What you describe is very similar to how Icechunk[1] works. It works beautifully for transactional writes to "repos" containing PBs of scientific array data in object storage.
The generalized form of this range-request-based streaming approach looks something like my project VirtualiZarr [0].
Many of these scientific file formats (HDF5, netCDF, TIFF/COG, FITS, GRIB, JPEG and more) are essentially just contiguous multidimensional array(/"tensor") chunks embedded alongside metadata about what's in the chunks. Efficiently fetching these from object storage is just about efficiently fetching the metadata up front so you know where the chunks you want are [1].
The data model of Zarr [2] generalizes this pattern pretty well, so that when backed by Icechunk [3], you can store a "datacube" of "virtual chunk references" that point at chunks anywhere inside the original files on S3.
This allows you to stream data out as fast as the S3 network connection allows [4], and then you're free to pull that directly, or build tile servers on top of it [5].

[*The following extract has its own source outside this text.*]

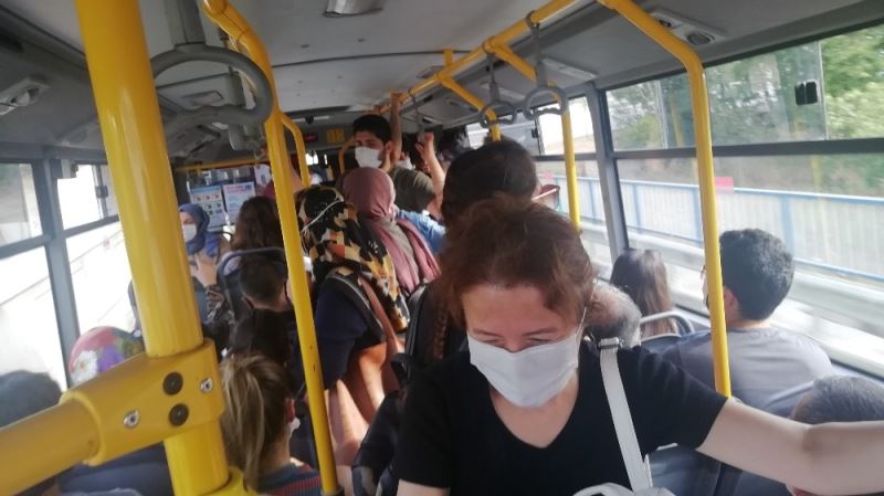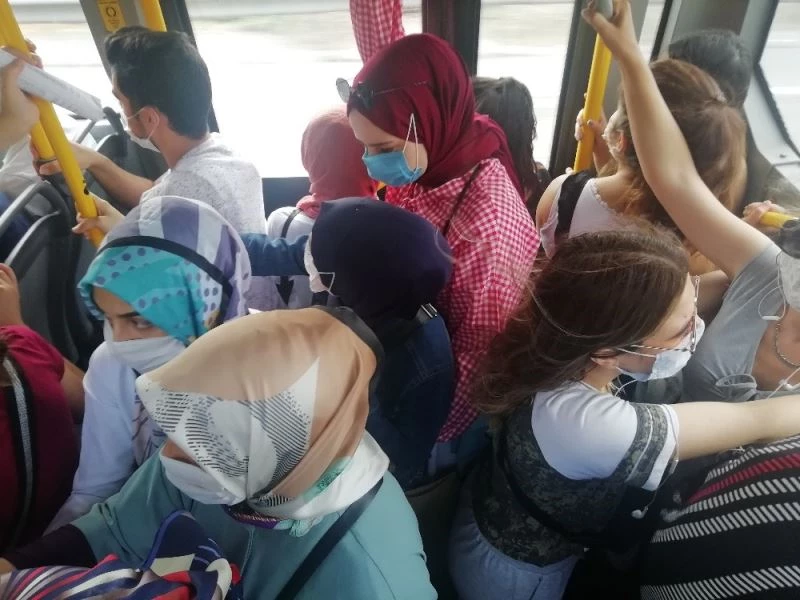 Kocaeli’de Dikey Geçiş Sınavı (DGS) olması sebebiyle sabahın erken saatlerinde otobüslerde yoğunluk oluştu. Pandemi kuralları sebebiyle otobüs kooperatifi erken önlem almayınca, nefes alacak yer kalmadı. Vatandaşlar otobüs şoförüne sosyal mesafeyi korumadığı için tepki gösterdi.

In the Pangeo project and at Earthmover we do all this for Weather and Climate science data. But the underlying OSS stack is domain-agnostic, so works for all sorts of multidimensional array data, and VirtualiZarr has a plugin system for parsing different scientific file formats.

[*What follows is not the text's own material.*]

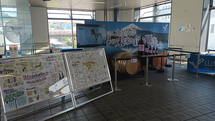 現在、8月1日より、JR甲府駅ペデストリアンデッキ(改札横の広場)にて、山梨大学ワイン科学研究センターの展示を行っております。改札を出てすぐ、どなたでもご覧いただける場所です。
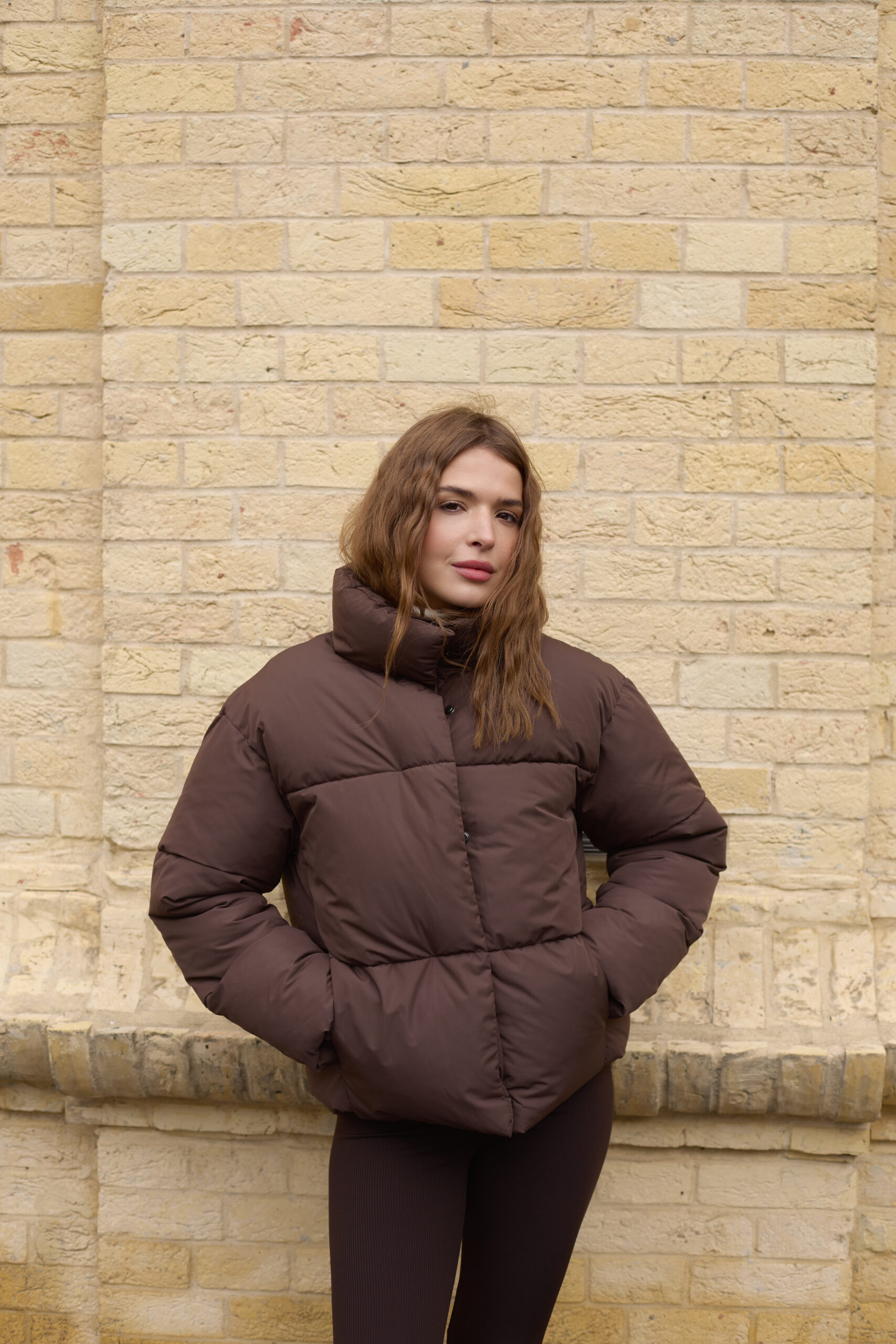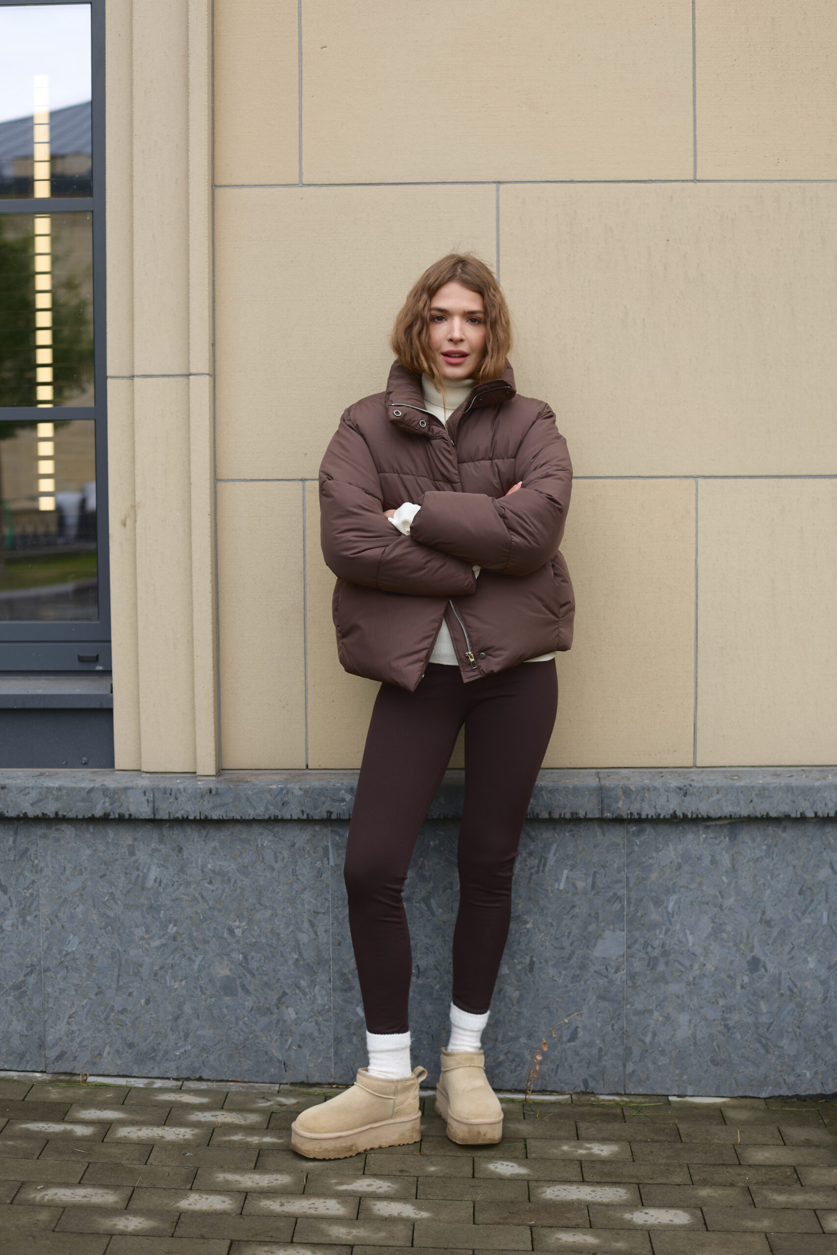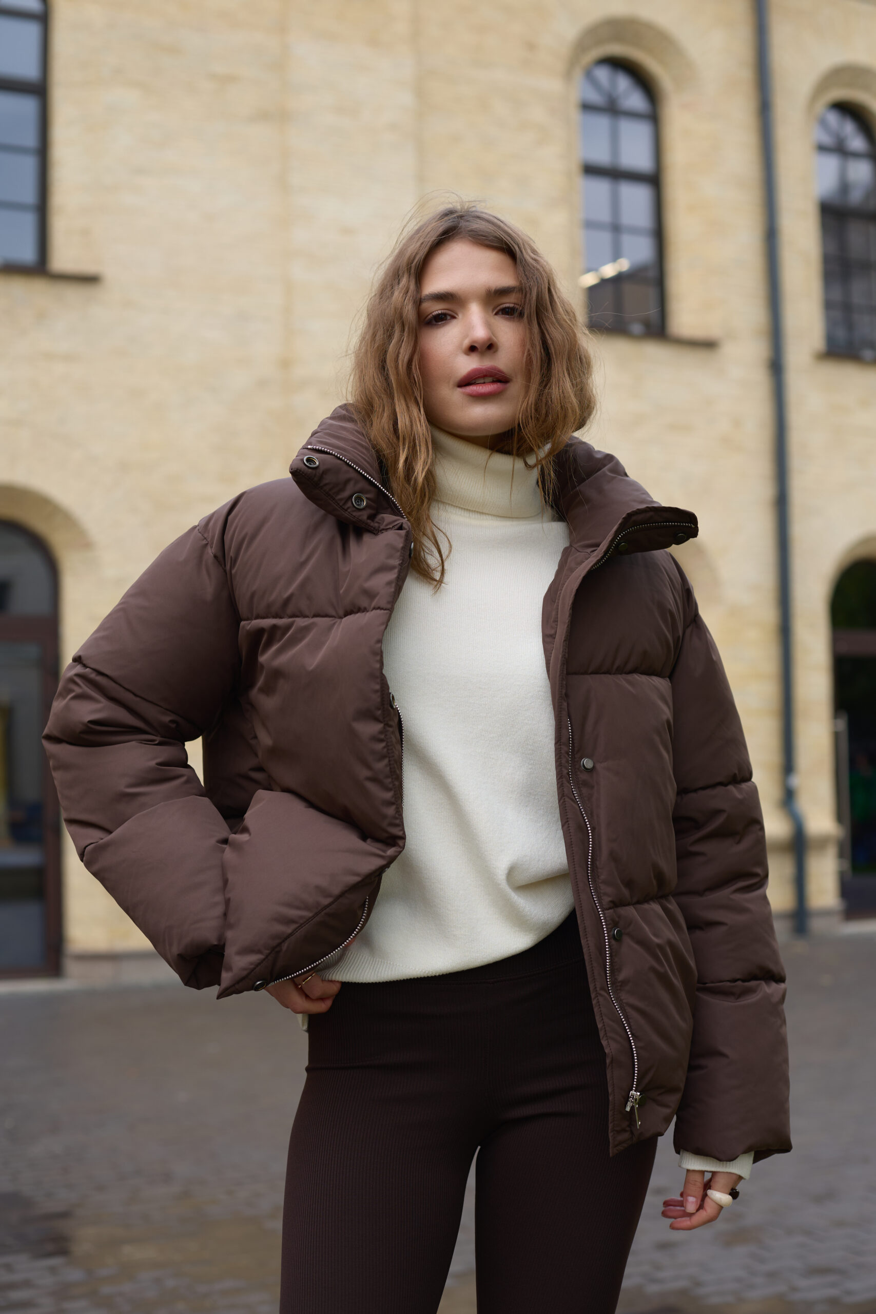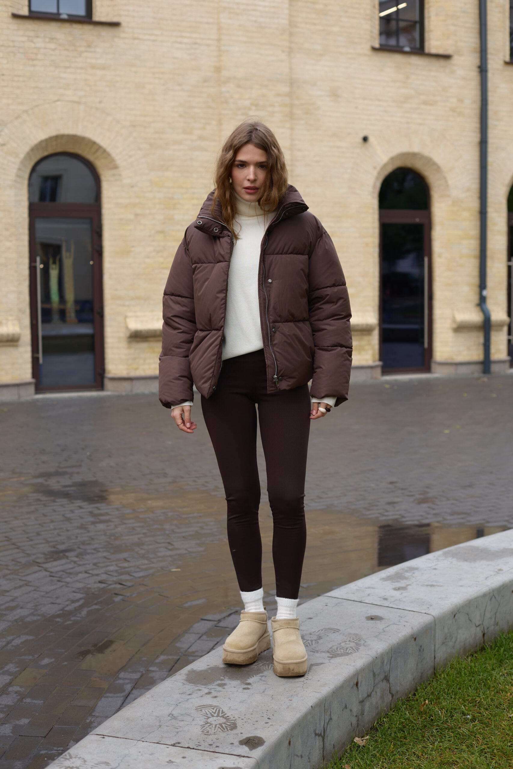Стильний жіночий пуховик у шоколадному кольорі.

I would love to see if someone could create a virtual Zarr store pointing at this WSI data!
IMO Zarr is that newer format. It abstracts over the features of all these other formats so neatly that it can literally subsume them.
I feel that we no longer really need TIFF etc. - for scientific use cases in the cloud Zarr is all that's needed going forwards. The other file formats become just archival blobs that either are converted to Zarr or pointed at by virtual Zarr stores.
Sounds like an approach that would also work for ML model weights files — just another kind of multidimensional array with metadata.
I wonder what exactly the big multi-model AI companies are doing to optimize model cold-start latency, and how much it just looks like Zarr on top of on-prem object storage.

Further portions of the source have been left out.